Do you agree with the principle of academic boycotts?

Yes
No

Have your say by taking part in this week’s Facebook poll. As always, please feel free to explain your answer by posting a comment on Facebook or below this article.

This question has arisen after it was revealed yesterday that Stephen Hawking will be boycotting a prominent conference in Jerusalem in protest against the policies of the Israeli government. The British cosmologist and science communicator had been set to talk at the Israeli Presidential Conference: Facing Tomorrow, which will take place in June and which will feature a string of high-profile speakers, including Bill Clinton and Tony Blair. But the University of Cambridge has confirmed that Hawking, who is director of research at its Centre for Theoretical Cosmology, has pulled out of the conference for political reasons. Physics World has spoken to a university spokesperson who confirmed that Hawking has sent a letter to the conference organizers to explain his decision not to take part. The UK newspaper the Guardian has today published what it says is the full text of this letter, dated 3 May.

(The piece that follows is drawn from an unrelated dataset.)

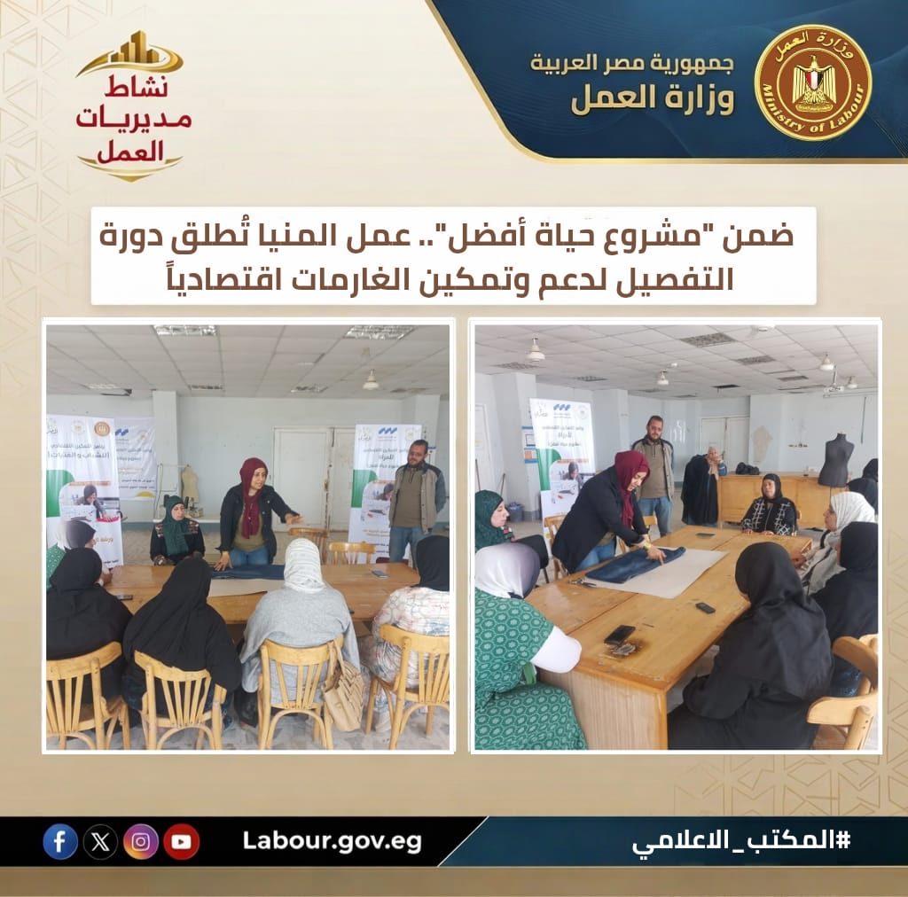 تنفيذًا لتوجيهات وزير العمل حسن رداد، افتتحت مديرية عمل المنيا دورة تدريبية لتمكين السيدات الغارمات بمركز التدريب المهني بالمنطقة الصناعية. وتشمل المبادرة تسليم المتدربات حقائب إنتاجية (ماكينات خياطة ومعدات) ومنحاً مالية لبدء مشروعاتهن الخاصة لتحقيق استقلال مادي مستدام.

“I accepted the invitation to the Presidential Conference with the intention that this would not only allow me to express my opinion on the prospects for a peace settlement but also because it would allow me to lecture on the West Bank. However, I have received a number of e-mails from Palestinian academics. They are unanimous that I should respect the boycott. In view of this, I must withdraw from the conference. Had I attended, I would have stated my opinion that the policy of the present Israeli government is likely to lead to disaster.”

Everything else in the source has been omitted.